= Sitelink =

Hyperlinks to a website's subpages

Sitelinks are hyperlinks to a website’s subpages that appear under certain Google search listings to help users navigate a site. Site owners cannot directly add sitelinks; Google generates them automatically through its proprietary algorithms. However, site owners can block specific sitelinks if they consider them unhelpful.

In Google Search, sitelinks appear beneath a search result when Google’s algorithms determine that additional internal links may help users navigate the site more efficiently. The number of sitelinks displayed in search can vary, but Google can show up to six sitelinks per result.

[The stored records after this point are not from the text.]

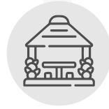
Pergola With Seating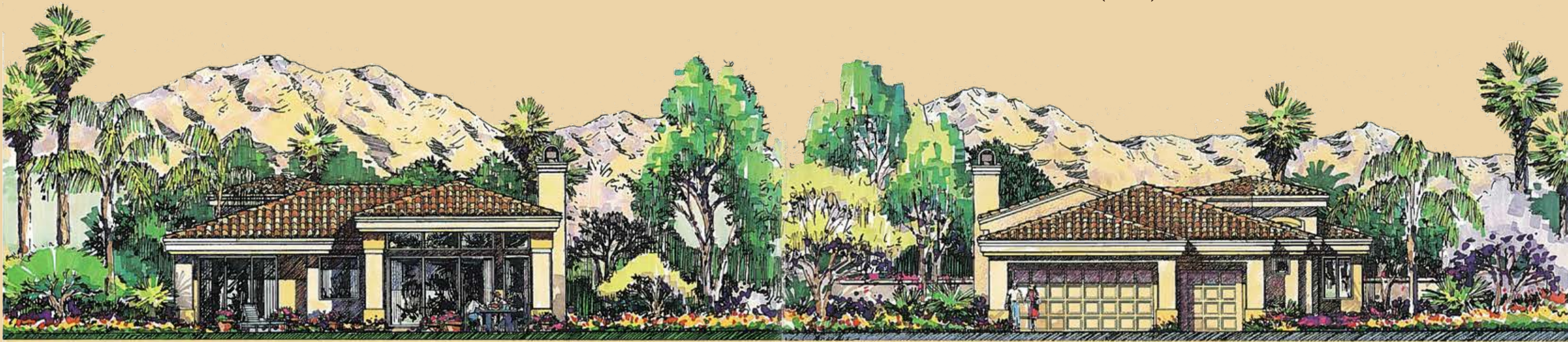
REAR "A" ELEVATION

Indian Ridge ON-SITE SALES (760) 772-7274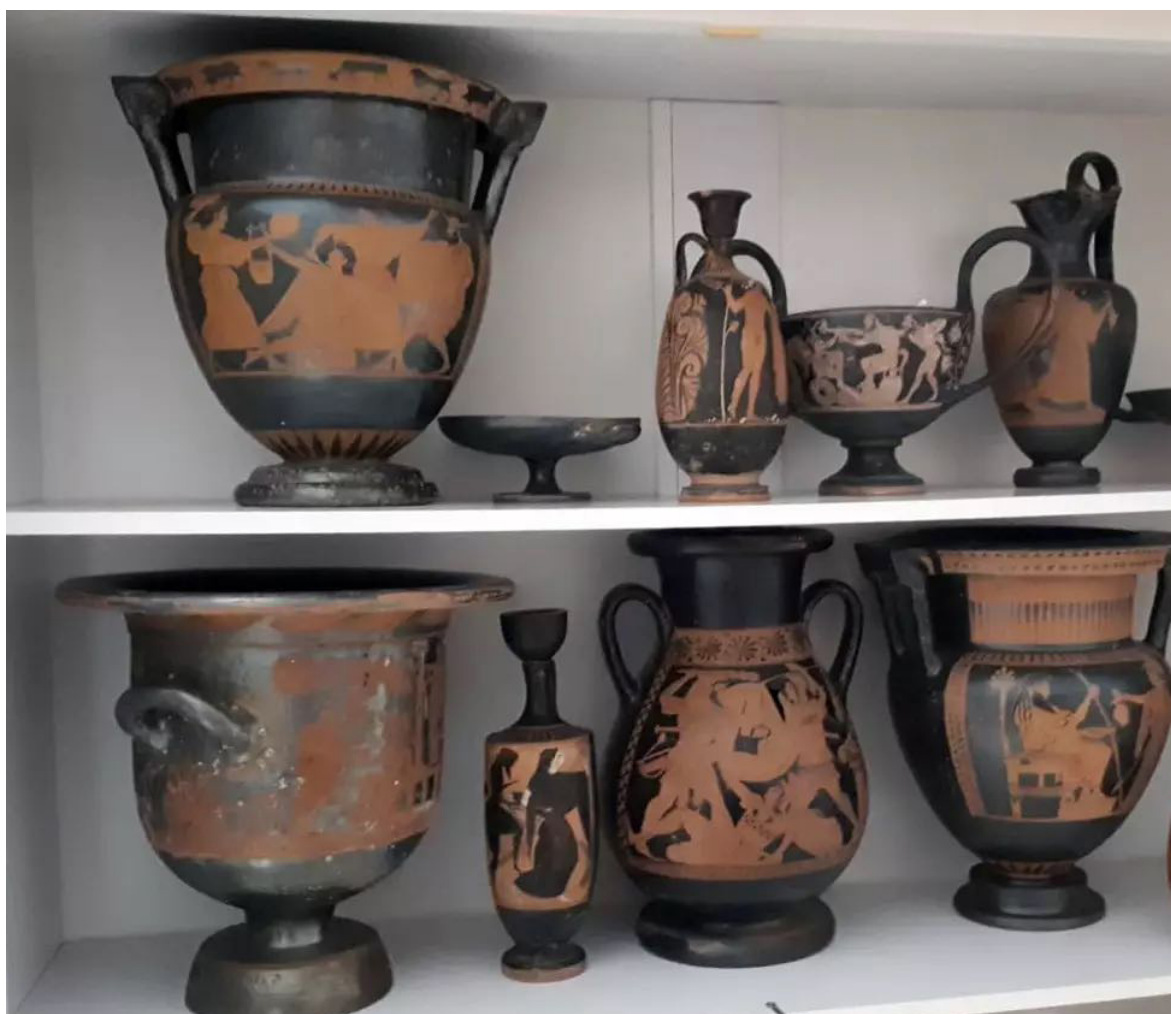
Fig. 4. Operation Achei https://www.europol.europa.eu/media-press/newsroom/news/23-arrests-and-around-10-000-cultural-items-seized-in-operation-targeting-italian-archaeological-trafficking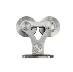
SS-TMDW-65 Dual Wheel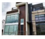
Homeowners in Michigan may be eligible for 3% refinance rate with any credit type.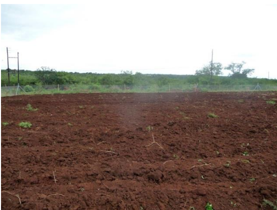
size of the garden: 50 x 50 m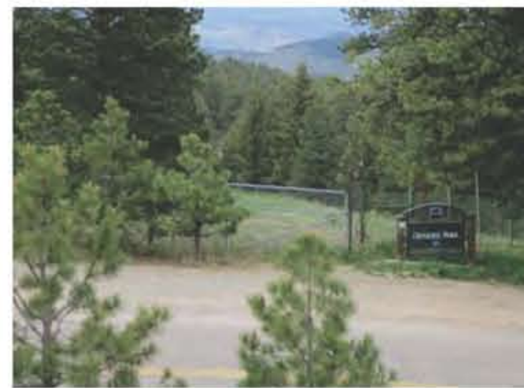
7. GENESSEE PARK SIGN ALONG GENESSEE MTN. ROAD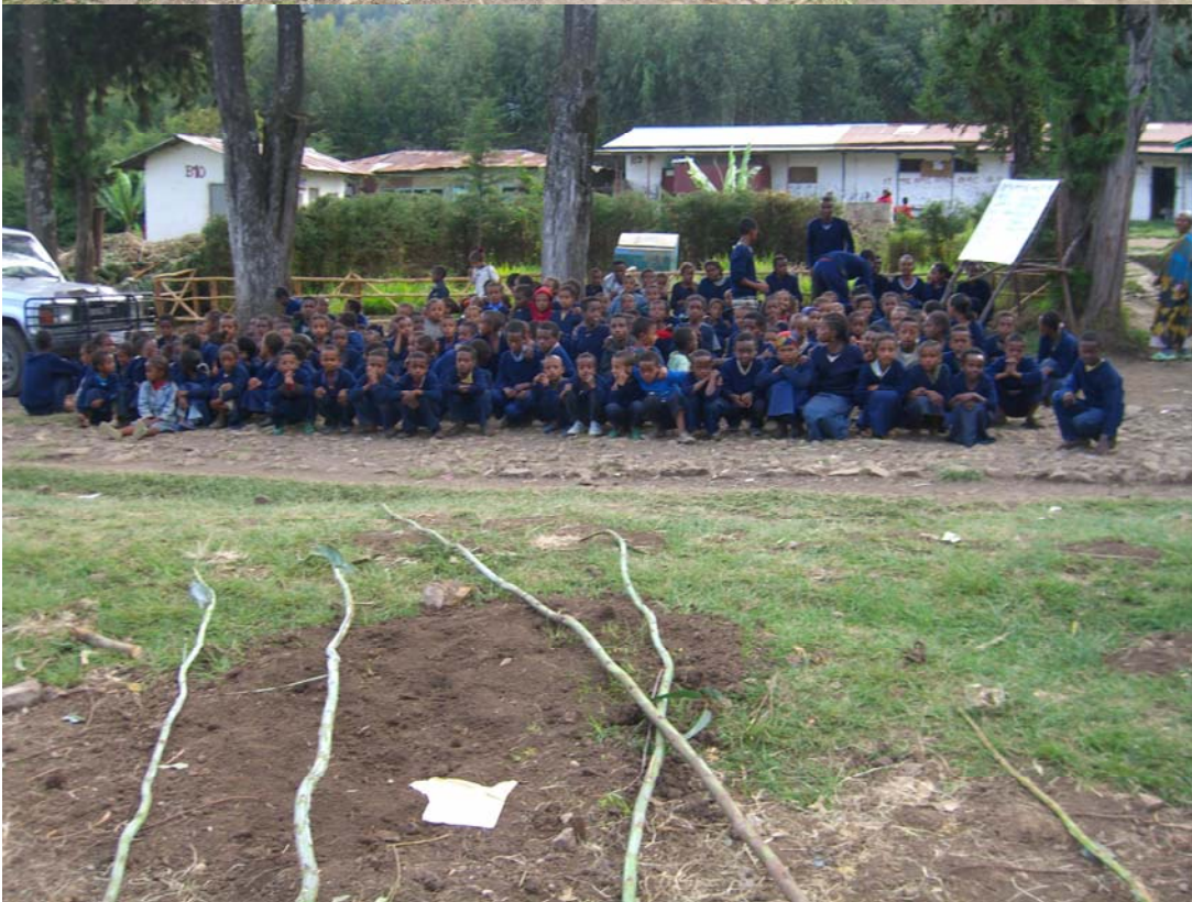
Teachers and targeted students expressed their thanks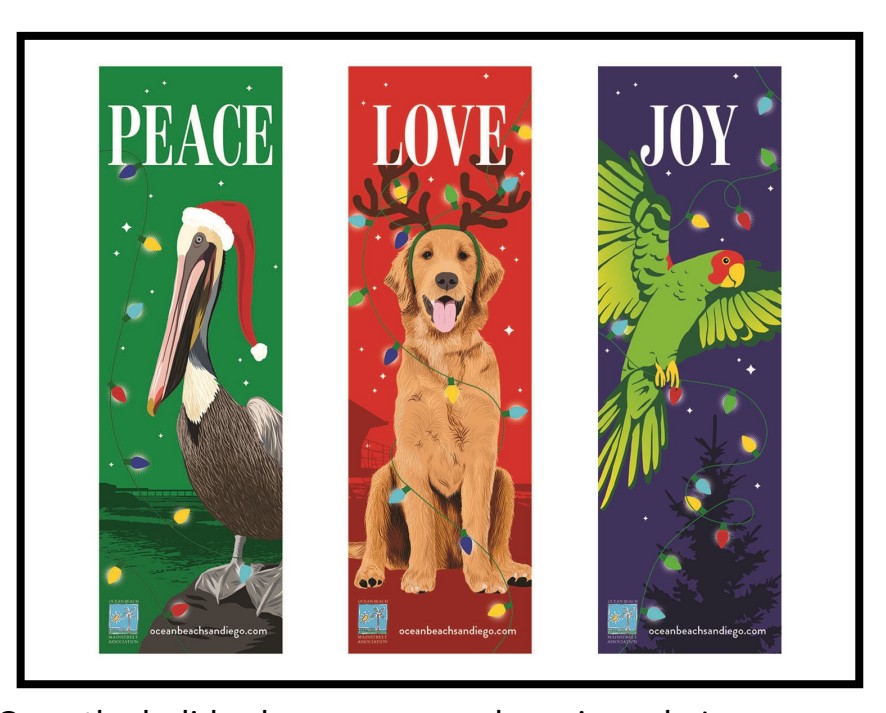
Once the holiday banners come down in early January, the 2023 holiday banners will go up.

The size of the banners is 30" wide and 96" tall - vertical format.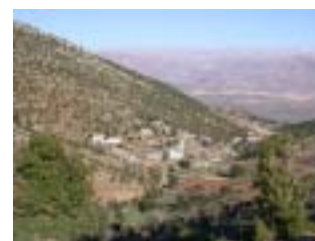
Overview of the village of Nabha

villages, Al-Harfoush, Kalila, and Al-Kouddam, are considered geographically, environmentally, socially, and economically part of Nabha. The region of Nabha is known for its richness in edible and medicinal wild plants such as wild mint, wild rhubarb, and barberry, as well as wild fruit trees, such as almonds, plums, pistachio, pears, etc.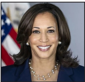
Kamala Harris/Tim Walz 70,383,093 votes 47.9%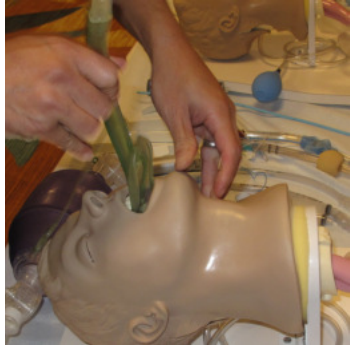
Step 2: Insert LMA along roof of mouth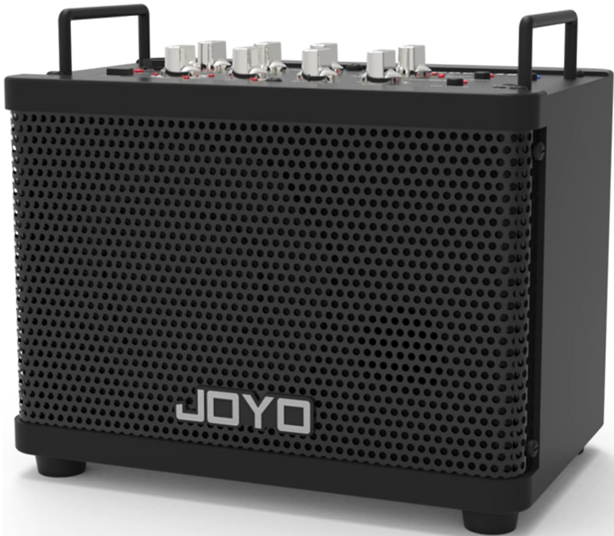
Figure 1: JOYO DC-15S Portable Digital Guitar Amplifier

According to John I. Jerkovic, "Every site should strive to get sitelinks, as they indicate authority and a strong web presence. Sitelinks also occupy additional space in the search results, pushing competitors further down the page, which is desirable."

==Importance==
SEO experts consider sitelinks to be an important indicator of a site's trust and authority, and many have attempted to determine the factors that influence their appearance. Some analyses reference Google patents.

According to these patents, sitelinks may be derived from user behavior such as the number of times a page is accessed, the time spent on the page, and the content of the page itself (for instance, whether it involves commercial transactions). Another embodiment suggests that website providers might supply search engines with a preferred list of internal web pages.

==Sitelinks in Google Ads==
In Google Ads, sitelinks are a type of ad asset that allows advertisers to link to specific pages within their website directly from the ad. Sitelinks enhance visibility and encourage deeper engagement by giving users multiple navigation options within a single ad.

The number and layout of sitelinks depend on the user’s device:

- Desktop: An ad can show up to 6 sitelinks. Sitelinks may appear one below the other or side by side, filling one or two lines of the ad.
- Mobile: An ad can show up to 8 sitelinks. These sitelinks appear side by side in a single-line carousel format, where users can swipe left or right to browse. If the ad appears in the top position, sitelinks can be displayed in a prominent row with one sitelink per line.

Sitelinks with fewer than 15 characters tend to perform best, according to Google Senior Product Manager Jerry Dischler.